In the last several years, the early modern history of Japanese commercial publishing (ca. 1600-1868) has become something of a hot topic in East Asian area studies. Nevertheless, scholars have shown little interest in exploring and explicating Japanese textual culture—particularly Japanese Buddhist textual culture—prior to the widespread adoption of woodblock-print technology in the early seventeenth century. In Miracles of Book and Body, Charlotte Eubanks does this and more, excavating the practices and theoretical implications of reading, reciting, transcribing, and transmitting sacred Buddhist texts in the ancient Indian and Chinese realms and in ninth- through thirteenth-century Japanese Buddhist bibliographic spheres. Eubanks's book is comparative in all the best ways. Writing with wit, grace, and exceptional clarity, she draws on a range of Japanese setsuwa, or "explanatory tales" (short didactic [End Page 485] stories that were typically employed in preaching), to explore the premodern Japanese reception of Chinese translations of Indian Buddhist texts, allowing her, as she explains, to consider "the particular ways in which one culture, distant in both time and place from the classical Indian subcontinent, made sense of and continued to build upon the rhetorical figures and life cycles of Buddhist textual culture" (61).

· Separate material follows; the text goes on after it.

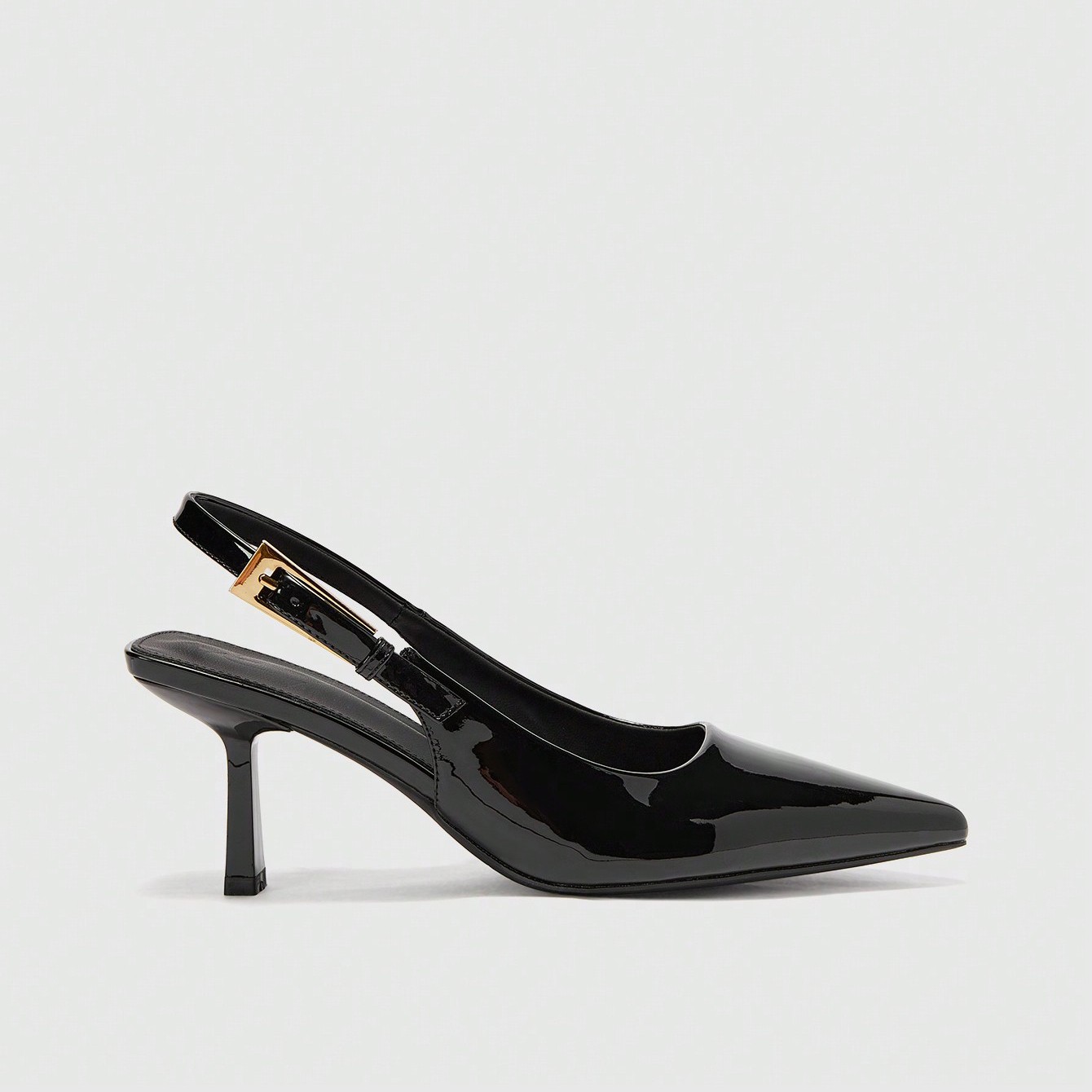Elegant Black Patent Slingback Heels for Women Pointed Toe Gold Buckle Wedding Guest & Party One-Strap Stiletto Slingback Sandals

Eubanks's analysis is sophisticated and well informed, expertly drawing on a large number of primary sources in classical Chinese, Japanese, and Sino-Japanese (kanbun), as well as secondary sources in English and modern Japanese. One of her abiding concerns is the notion of "embodiment," or, as one of her section titles has it, "puzzles of embodiment" (167). As Eubanks explains in her introduction, each of her four main chapters "approaches the relation between book and body from a different angle, with the central question remaining: how does Buddhist rhetoric, as materialized on the written page, work on human bodies?" (16). After an illuminating and highly self-reflexive introductory chapter ("The Cult of the Book and the Culture of Text"), Eubanks takes up the purported nature of Buddhist sutras as "living textual entities" (60) and the consequences of that conception for the reader-text relationship in the first chapter, "The Ontology of Sutras." In chapter 2, "Locating Setsuwa in Performance," Eubanks turns to a discussion of Japanese "explanatory tales" (setsuwa), providing an overview of nine major setsuwa collections from ca. 823 to ca. 1283 and examining them "in their medieval performance context, articulating a sense of how monks (and very occasionally nuns) sought [to use these didactic tales] to explain the complexities of Buddhist doctrine to lay audiences" (63). Of particular interest is her consideration of "the prefaces and colophons of setsuwa collections: those places where the compilers speak most openly about their intentions and motivations" (64). Continuing her exploration of embodiment issues, Eubanks argues that these setsuwa collections were "often figured as food or medicine, that is, as substances to be ingested by the human body and that then perform the work of sustenance or healing" (133).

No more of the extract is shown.